Of course, these kinds of experiences are difficult to explain for someone who believes that our own memory has no secret for us because, being a subject of the orders of our conscience, can not be governed by rules too capricious or alien to our will. If you are one of these people, you may be interested in reading about cryptomnesia, or hidden memory.


Memories falsely anchored in memory

The example of the musical melodies that you have just read is intimately connected with the cases of involuntary plagiarism that have come to be embodied in all kinds of albums and vinyls and those that do not escape or some famous rock groups. In the same way, certain "evidences" about memories about past lives are not even cleverly devised by a group of people with a desire for protagonism, but situations in which people who theoretically do not know certain past information have previously accessed this information, even if they do not remember it and therefore be totally honest about their beliefs.

In all these events a standard is met: there are memories that have been apparently forgotten to reappear confused with the present time .

All these cases and anecdotes are examples in which there is a phenomenon that we call crypttomnesia or, what is the same, hidden memory. In short, the cryptomnesia in a psychological process by which memories are recovered as if they were original experiences lived for the first time and that apparently have been forged directly into the thinking of the person experiencing it. This recovered information is actually what corresponds to a memory that had been forgotten, although not entirely.

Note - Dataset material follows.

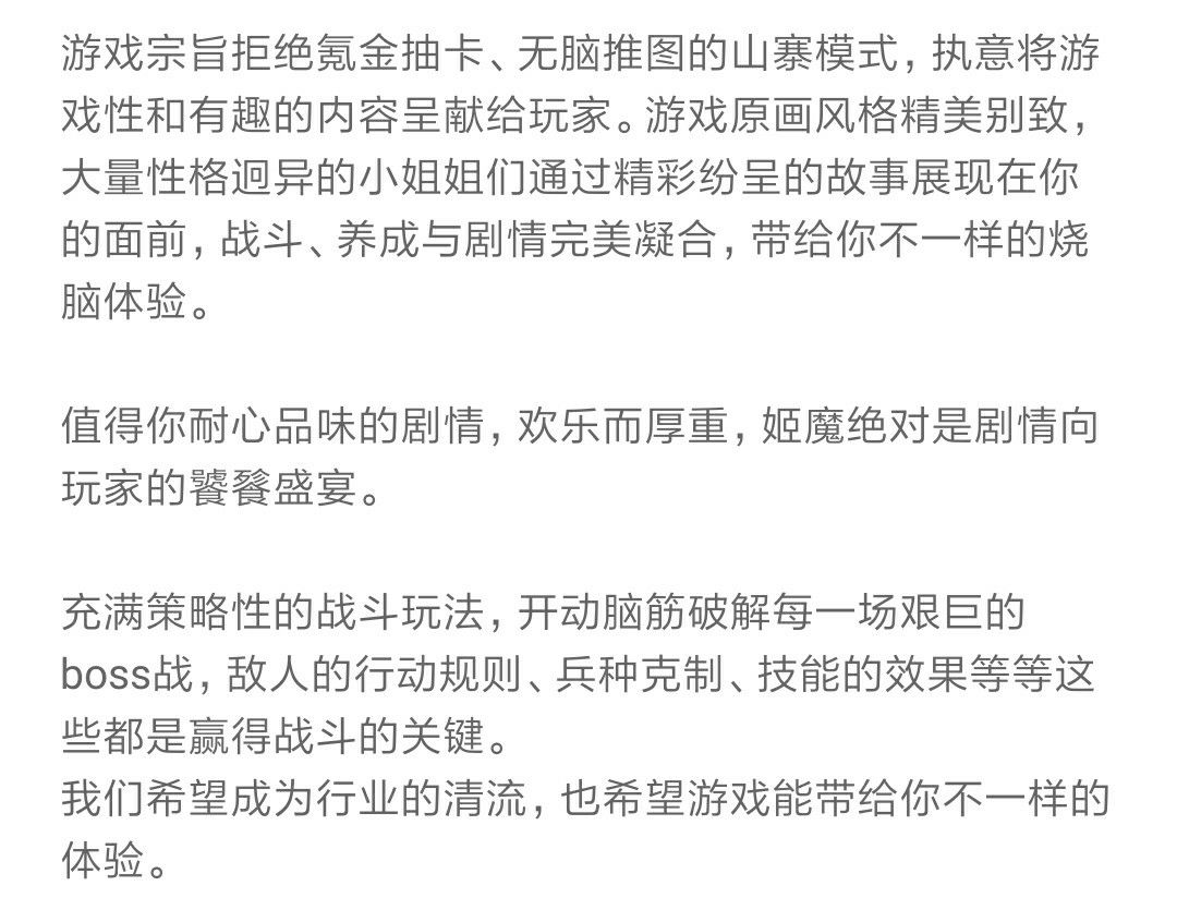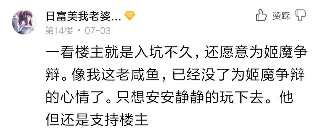 然后...贴吧炸了...各路吧友和我分享了他们的观点,其中不少人写的很长,甚至回复的写的比我发帖的都长...虽然当时那个贴有200多条回复,但是谁都没有说服谁。我就觉得姬魔是一个很良心的游戏,姬魔天下第一!最后也就不欢而散了。(我当时发帖是真的喜欢游戏,他们回复只是看透了一切,希望我也能看清楚吧,所以当时大部分人虽然反驳我,都是并没有人对我进行人身攻击,他们只当我是一个小白)

Far above, cryptomnesia can be understood as the opposite of what is experienced during a Déjà vu. If the latter experiences a new experience as if it were a forgotten memory until then, in cryptomnesia there is a real memory that goes unnoticed to conscious mental processes for a time until it manifests again as a new experience .

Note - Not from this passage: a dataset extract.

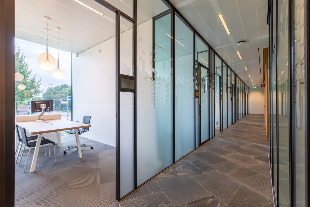 Het geheel kent een imposante ontvangsthal/entree en is voorzien van zowel kantoortuinen, separate kantoren alsook vergaderzalen van diverse groottes.

Not everything is simply plagiarized

What has been explained so far can give the false impression that cryptomnesia occurs in cases in which other people are plagiarized unintentionally, as if the memories that pass through this false oblivion have to refer to the ideas of others or to others. experiences linked to the outside world.

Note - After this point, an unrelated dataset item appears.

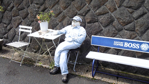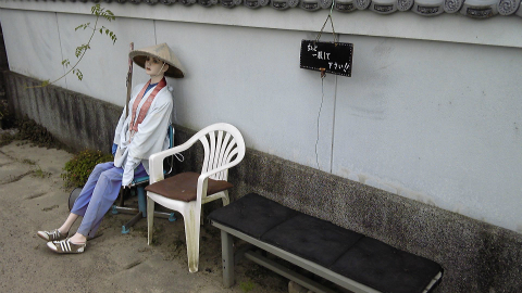 四番大日寺から坂道を下り脇道に入ったところにある喫茶店の前に、等身大の人形が椅子に座っていた。これはTVとかWEBかで見たことがある。四国のどこかの過疎の村で、案山子(かかし)の人形を作っている人がいて村のあちこちに置いているというあの人形である。

The certain thing is that between the forms in which the hidden memory is expressed can also occur autoplaggio . An idea or thought of its own is perfectly susceptible to passing under the mantle of cryptomnesia, although surely these cases will not be as bad seen as the previous ones.

Cryptomnesia seen from the laboratory

Although hidden memory has its raw material in the great variety of experiences to which we are subjected in our day to day, it is also possible to study cryptomnesia in a much simpler and aseptic environment: the laboratory of experimentation. These investigations usually involve volunteer groups that issue possible answers to an issue that is raised.

In a second phase, the volunteers have to remember if certain contributions are of their authorship or not. In this context it has been seen that cryptomnesia is relatively frequent, and it is not uncommon for many individuals to become convinced that the ideas that others have issued a few minutes ago are theirs. It has even been seen that the emotional state of people can influence the frequency with which these unconscious plagiarisms occur .

So, the next time you believe in power over the processes that govern your memory, remember that both memory and the illusion of consciously controlling it are borne by the unknown: your hidden psychological processes.

Bibliographic references:

  • Brédart, S., Lampinen, J. M. and Defeldre, A. C. (2003). Phenomenal characteristics of cryptomnesia. Memory, 11 (1), pp. 1 - 11.
  • Gingerich, A. C. and Dodson, C. S. (2012). Sad mood reduces inadvertent plagiarism: Effects of affective state on source monitoring in cryptomnesia. Motivation and Emotion, 37 (2), pp. 355-37.

10 Famous Cases of PLAGIARISM (March 2024).